▸ Provided information:
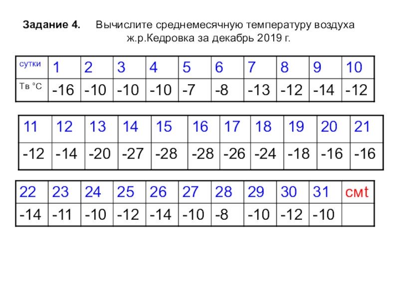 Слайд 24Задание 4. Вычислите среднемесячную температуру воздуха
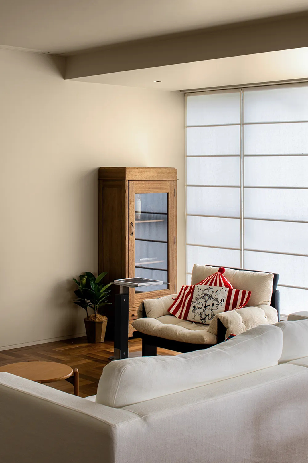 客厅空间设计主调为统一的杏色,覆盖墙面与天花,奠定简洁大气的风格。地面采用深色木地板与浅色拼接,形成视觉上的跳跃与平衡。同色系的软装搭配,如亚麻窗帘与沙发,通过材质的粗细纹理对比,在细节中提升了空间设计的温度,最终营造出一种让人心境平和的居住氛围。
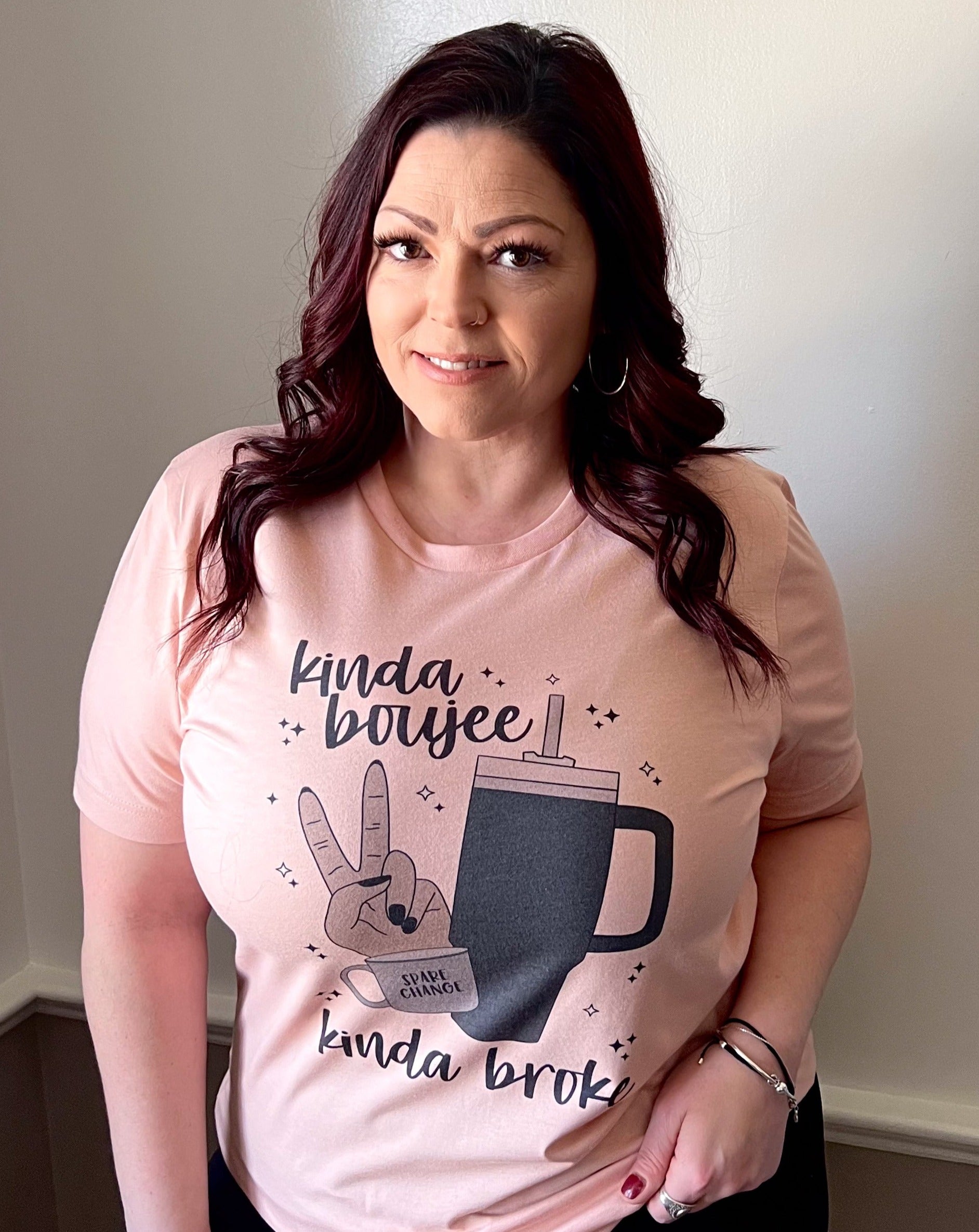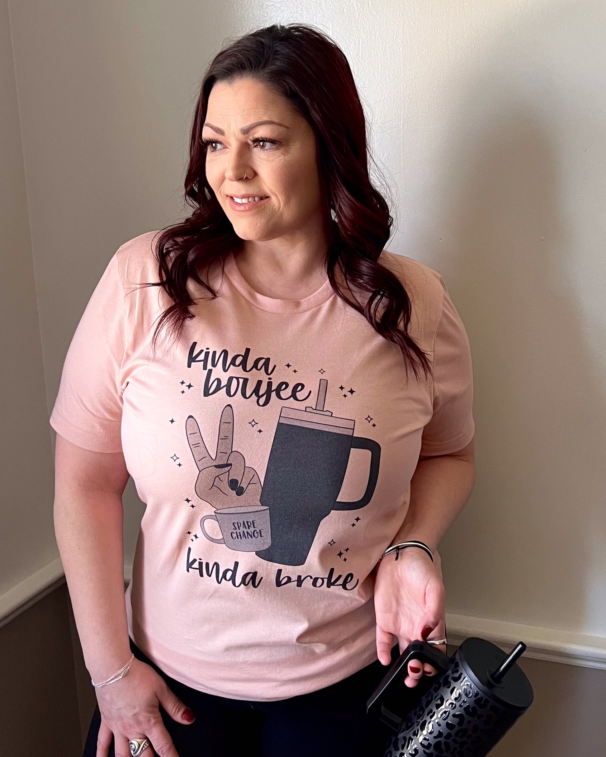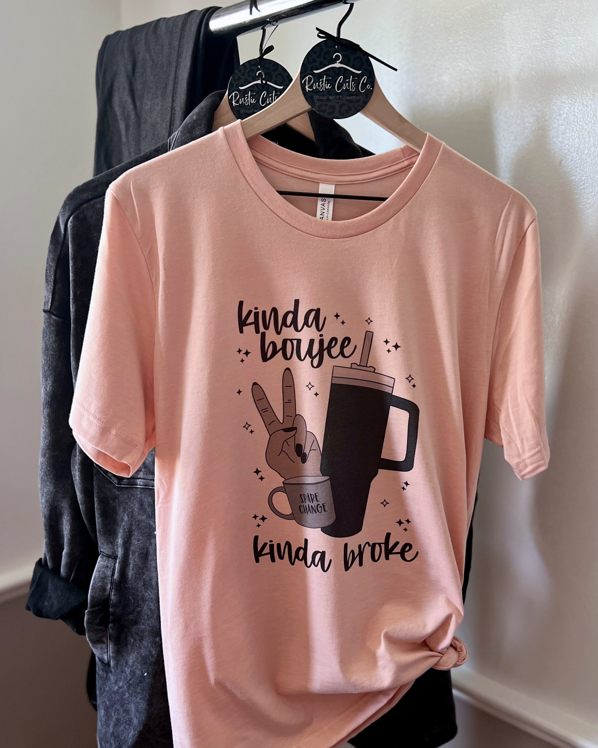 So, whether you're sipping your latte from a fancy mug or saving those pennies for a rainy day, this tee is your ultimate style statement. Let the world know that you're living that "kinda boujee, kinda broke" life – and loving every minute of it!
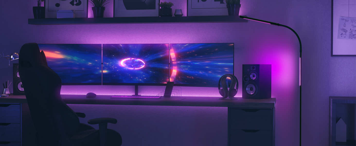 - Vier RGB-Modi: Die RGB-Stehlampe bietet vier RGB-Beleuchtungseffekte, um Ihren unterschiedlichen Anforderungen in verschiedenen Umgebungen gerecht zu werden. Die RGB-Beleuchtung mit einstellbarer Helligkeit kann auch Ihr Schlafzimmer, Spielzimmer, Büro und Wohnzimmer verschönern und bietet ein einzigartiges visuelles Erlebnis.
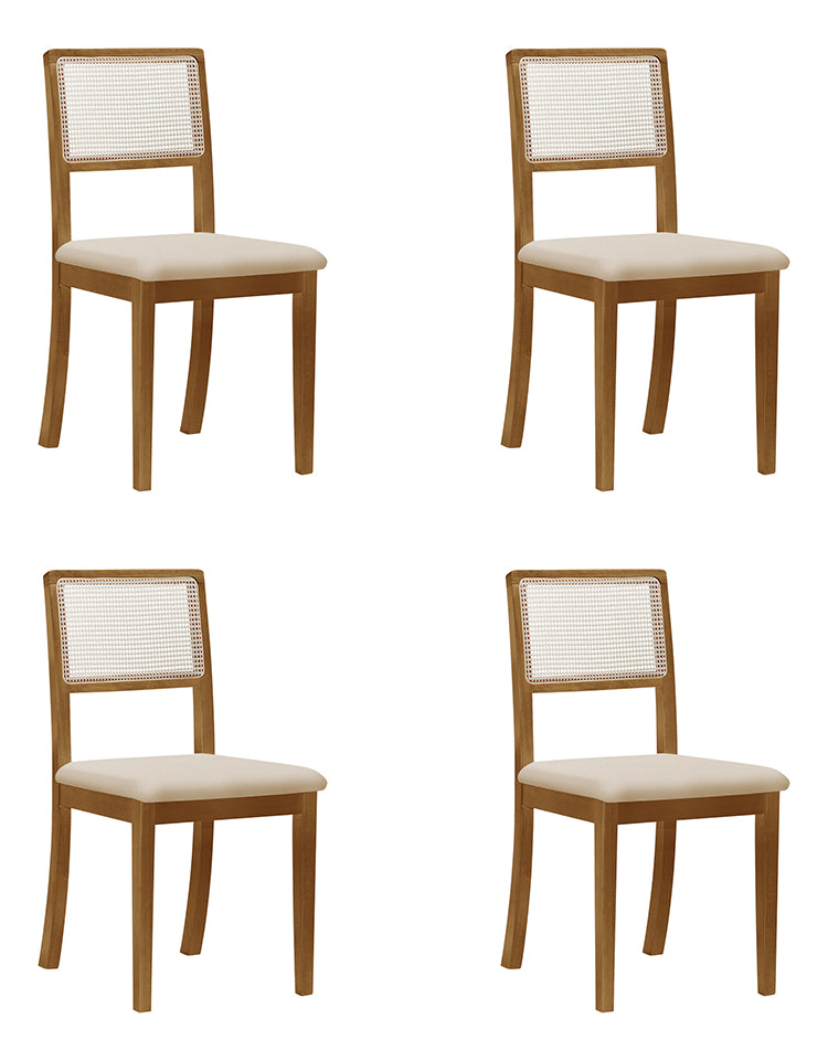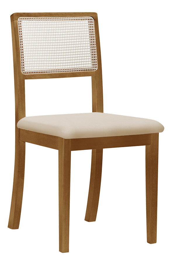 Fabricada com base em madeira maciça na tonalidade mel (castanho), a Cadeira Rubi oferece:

--

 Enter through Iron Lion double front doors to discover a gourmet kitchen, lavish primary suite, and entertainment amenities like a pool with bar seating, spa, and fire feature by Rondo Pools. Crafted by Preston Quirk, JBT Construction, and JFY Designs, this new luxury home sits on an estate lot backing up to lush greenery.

▸ What this task involves: Write out word for word the lines of the listing above from the line with "Слайд 24Задание 4." to the line with "客厅空间设计主调为统一的杏色", taking in both of those lines but no pictures.

▸ Written reply:
 Слайд 24Задание 4. Вычислите среднемесячную температуру воздуха
 客厅空间设计主调为统一的杏色,覆盖墙面与天花,奠定简洁大气的风格。地面采用深色木地板与浅色拼接,形成视觉上的跳跃与平衡。同色系的软装搭配,如亚麻窗帘与沙发,通过材质的粗细纹理对比,在细节中提升了空间设计的温度,最终营造出一种让人心境平和的居住氛围。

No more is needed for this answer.